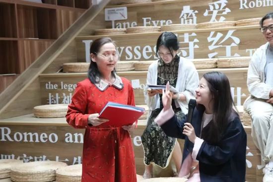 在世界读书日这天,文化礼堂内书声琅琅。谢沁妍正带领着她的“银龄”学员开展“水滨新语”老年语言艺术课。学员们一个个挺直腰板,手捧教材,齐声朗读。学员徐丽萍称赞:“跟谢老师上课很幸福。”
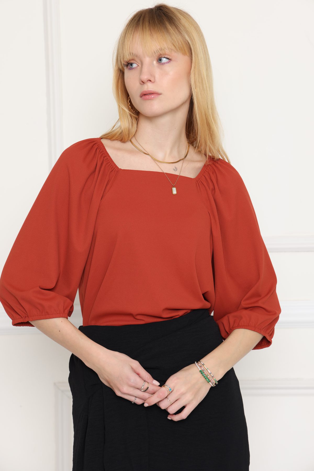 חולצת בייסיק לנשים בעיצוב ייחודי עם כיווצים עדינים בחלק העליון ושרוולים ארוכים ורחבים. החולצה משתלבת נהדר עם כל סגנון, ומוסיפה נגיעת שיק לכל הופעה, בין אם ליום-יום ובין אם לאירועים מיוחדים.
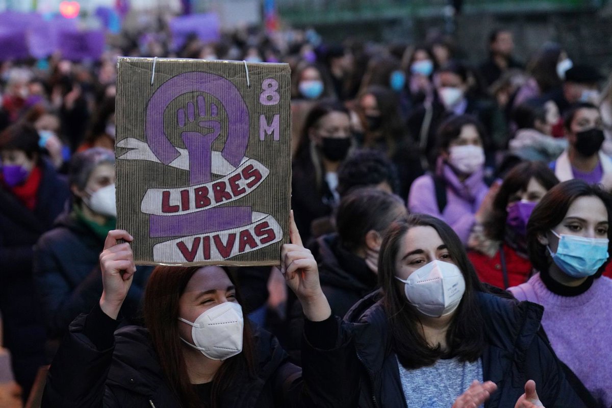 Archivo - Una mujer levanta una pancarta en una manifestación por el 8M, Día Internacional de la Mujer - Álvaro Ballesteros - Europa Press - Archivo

━━━━━━━━━━━━━━━━

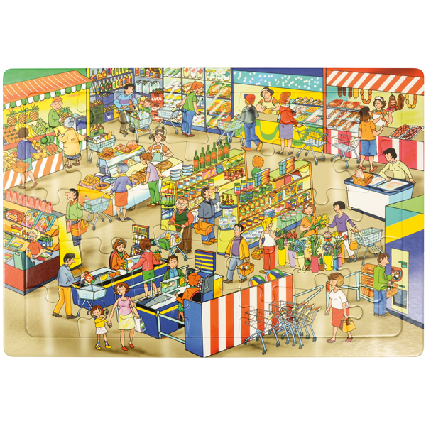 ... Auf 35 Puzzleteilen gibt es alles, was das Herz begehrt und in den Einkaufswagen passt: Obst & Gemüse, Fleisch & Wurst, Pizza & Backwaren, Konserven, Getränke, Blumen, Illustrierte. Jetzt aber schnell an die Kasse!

━━━━━━━━━━━━━━━━

* _Exercise instructions_
Exactly the lines above, from the one containing "在世界读书日这天,文化礼堂内" down to the one containing "Archivo - Una", are to be repeated, including both ends. Pictures are not part of the copy.

* _Answer below_
 在世界读书日这天,文化礼堂内书声琅琅。谢沁妍正带领着她的“银龄”学员开展“水滨新语”老年语言艺术课。学员们一个个挺直腰板,手捧教材,齐声朗读。学员徐丽萍称赞:“跟谢老师上课很幸福。”
 חולצת בייסיק לנשים בעיצוב ייחודי עם כיווצים עדינים בחלק העליון ושרוולים ארוכים ורחבים. החולצה משתלבת נהדר עם כל סגנון, ומוסיפה נגיעת שיק לכל הופעה, בין אם ליום-יום ובין אם לאירועים מיוחדים.
 Archivo - Una mujer levanta una pancarta en una manifestación por el 8M, Día Internacional de la Mujer - Álvaro Ballesteros - Europa Press - Archivo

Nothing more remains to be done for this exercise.